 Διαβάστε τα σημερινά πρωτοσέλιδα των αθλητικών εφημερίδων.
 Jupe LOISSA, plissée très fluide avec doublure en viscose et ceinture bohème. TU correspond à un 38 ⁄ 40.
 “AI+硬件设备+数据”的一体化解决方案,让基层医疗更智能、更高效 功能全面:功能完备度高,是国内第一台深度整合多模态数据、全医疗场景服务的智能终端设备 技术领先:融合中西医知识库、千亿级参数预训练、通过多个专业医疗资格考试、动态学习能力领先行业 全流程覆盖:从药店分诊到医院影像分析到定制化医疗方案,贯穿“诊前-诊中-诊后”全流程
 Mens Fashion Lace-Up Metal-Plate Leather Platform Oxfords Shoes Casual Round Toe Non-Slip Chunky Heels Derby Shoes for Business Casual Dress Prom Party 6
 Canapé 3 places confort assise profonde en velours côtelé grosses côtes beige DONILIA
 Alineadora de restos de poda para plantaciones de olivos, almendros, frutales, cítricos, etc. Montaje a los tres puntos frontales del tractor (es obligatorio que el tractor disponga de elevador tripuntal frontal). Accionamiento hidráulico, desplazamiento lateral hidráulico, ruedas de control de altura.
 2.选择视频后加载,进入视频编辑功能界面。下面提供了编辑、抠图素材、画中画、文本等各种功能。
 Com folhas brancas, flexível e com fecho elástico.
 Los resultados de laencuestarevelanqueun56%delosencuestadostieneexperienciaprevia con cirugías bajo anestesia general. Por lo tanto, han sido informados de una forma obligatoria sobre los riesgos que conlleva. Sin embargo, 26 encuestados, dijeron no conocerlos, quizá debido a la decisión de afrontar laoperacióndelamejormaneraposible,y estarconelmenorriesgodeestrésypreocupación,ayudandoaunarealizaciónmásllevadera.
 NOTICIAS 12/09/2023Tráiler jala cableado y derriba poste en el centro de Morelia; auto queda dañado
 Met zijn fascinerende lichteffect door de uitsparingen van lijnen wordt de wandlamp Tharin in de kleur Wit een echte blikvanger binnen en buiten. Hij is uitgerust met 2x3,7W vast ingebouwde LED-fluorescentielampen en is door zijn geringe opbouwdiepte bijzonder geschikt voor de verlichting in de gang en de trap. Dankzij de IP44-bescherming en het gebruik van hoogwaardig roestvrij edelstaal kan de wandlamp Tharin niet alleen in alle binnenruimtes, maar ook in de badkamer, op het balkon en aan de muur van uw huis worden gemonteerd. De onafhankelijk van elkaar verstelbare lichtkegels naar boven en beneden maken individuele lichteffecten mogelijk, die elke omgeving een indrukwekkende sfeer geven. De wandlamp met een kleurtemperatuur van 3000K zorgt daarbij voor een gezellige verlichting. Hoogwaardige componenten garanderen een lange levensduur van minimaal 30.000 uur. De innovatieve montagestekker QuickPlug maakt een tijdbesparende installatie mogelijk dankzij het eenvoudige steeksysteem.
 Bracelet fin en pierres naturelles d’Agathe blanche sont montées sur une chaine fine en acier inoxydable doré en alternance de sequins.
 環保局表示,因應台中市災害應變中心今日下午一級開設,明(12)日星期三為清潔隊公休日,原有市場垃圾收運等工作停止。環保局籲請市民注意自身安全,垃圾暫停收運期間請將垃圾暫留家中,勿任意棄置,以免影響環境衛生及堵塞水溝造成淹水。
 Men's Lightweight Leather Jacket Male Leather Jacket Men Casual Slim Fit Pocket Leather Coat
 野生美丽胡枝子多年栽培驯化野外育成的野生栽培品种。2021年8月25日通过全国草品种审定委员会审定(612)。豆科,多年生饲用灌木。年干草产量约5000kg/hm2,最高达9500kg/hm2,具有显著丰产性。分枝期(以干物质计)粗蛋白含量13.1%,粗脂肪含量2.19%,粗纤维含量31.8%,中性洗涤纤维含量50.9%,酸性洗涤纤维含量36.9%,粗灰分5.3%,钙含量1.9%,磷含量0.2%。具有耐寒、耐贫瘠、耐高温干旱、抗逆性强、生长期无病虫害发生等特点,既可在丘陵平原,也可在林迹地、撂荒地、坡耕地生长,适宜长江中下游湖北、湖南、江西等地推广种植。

======

__EXERCISE GOAL__
A complete, exact copy of the material is required.

__EXPECTED OUTPUT__
 Διαβάστε τα σημερινά πρωτοσέλιδα των αθλητικών εφημερίδων.
 Jupe LOISSA, plissée très fluide avec doublure en viscose et ceinture bohème. TU correspond à un 38 ⁄ 40.
 “AI+硬件设备+数据”的一体化解决方案,让基层医疗更智能、更高效 功能全面:功能完备度高,是国内第一台深度整合多模态数据、全医疗场景服务的智能终端设备 技术领先:融合中西医知识库、千亿级参数预训练、通过多个专业医疗资格考试、动态学习能力领先行业 全流程覆盖:从药店分诊到医院影像分析到定制化医疗方案,贯穿“诊前-诊中-诊后”全流程
 Mens Fashion Lace-Up Metal-Plate Leather Platform Oxfords Shoes Casual Round Toe Non-Slip Chunky Heels Derby Shoes for Business Casual Dress Prom Party 6
 Canapé 3 places confort assise profonde en velours côtelé grosses côtes beige DONILIA
 Alineadora de restos de poda para plantaciones de olivos, almendros, frutales, cítricos, etc. Montaje a los tres puntos frontales del tractor (es obligatorio que el tractor disponga de elevador tripuntal frontal). Accionamiento hidráulico, desplazamiento lateral hidráulico, ruedas de control de altura.
 2.选择视频后加载,进入视频编辑功能界面。下面提供了编辑、抠图素材、画中画、文本等各种功能。
 Com folhas brancas, flexível e com fecho elástico.
 Los resultados de laencuestarevelanqueun56%delosencuestadostieneexperienciaprevia con cirugías bajo anestesia general. Por lo tanto, han sido informados de una forma obligatoria sobre los riesgos que conlleva. Sin embargo, 26 encuestados, dijeron no conocerlos, quizá debido a la decisión de afrontar laoperacióndelamejormaneraposible,y estarconelmenorriesgodeestrésypreocupación,ayudandoaunarealizaciónmásllevadera.
 NOTICIAS 12/09/2023Tráiler jala cableado y derriba poste en el centro de Morelia; auto queda dañado
 Met zijn fascinerende lichteffect door de uitsparingen van lijnen wordt de wandlamp Tharin in de kleur Wit een echte blikvanger binnen en buiten. Hij is uitgerust met 2x3,7W vast ingebouwde LED-fluorescentielampen en is door zijn geringe opbouwdiepte bijzonder geschikt voor de verlichting in de gang en de trap. Dankzij de IP44-bescherming en het gebruik van hoogwaardig roestvrij edelstaal kan de wandlamp Tharin niet alleen in alle binnenruimtes, maar ook in de badkamer, op het balkon en aan de muur van uw huis worden gemonteerd. De onafhankelijk van elkaar verstelbare lichtkegels naar boven en beneden maken individuele lichteffecten mogelijk, die elke omgeving een indrukwekkende sfeer geven. De wandlamp met een kleurtemperatuur van 3000K zorgt daarbij voor een gezellige verlichting. Hoogwaardige componenten garanderen een lange levensduur van minimaal 30.000 uur. De innovatieve montagestekker QuickPlug maakt een tijdbesparende installatie mogelijk dankzij het eenvoudige steeksysteem.
 Bracelet fin en pierres naturelles d’Agathe blanche sont montées sur une chaine fine en acier inoxydable doré en alternance de sequins.
 環保局表示,因應台中市災害應變中心今日下午一級開設,明(12)日星期三為清潔隊公休日,原有市場垃圾收運等工作停止。環保局籲請市民注意自身安全,垃圾暫停收運期間請將垃圾暫留家中,勿任意棄置,以免影響環境衛生及堵塞水溝造成淹水。
 Men's Lightweight Leather Jacket Male Leather Jacket Men Casual Slim Fit Pocket Leather Coat
 野生美丽胡枝子多年栽培驯化野外育成的野生栽培品种。2021年8月25日通过全国草品种审定委员会审定(612)。豆科,多年生饲用灌木。年干草产量约5000kg/hm2,最高达9500kg/hm2,具有显著丰产性。分枝期(以干物质计)粗蛋白含量13.1%,粗脂肪含量2.19%,粗纤维含量31.8%,中性洗涤纤维含量50.9%,酸性洗涤纤维含量36.9%,粗灰分5.3%,钙含量1.9%,磷含量0.2%。具有耐寒、耐贫瘠、耐高温干旱、抗逆性强、生长期无病虫害发生等特点,既可在丘陵平原,也可在林迹地、撂荒地、坡耕地生长,适宜长江中下游湖北、湖南、江西等地推广种植。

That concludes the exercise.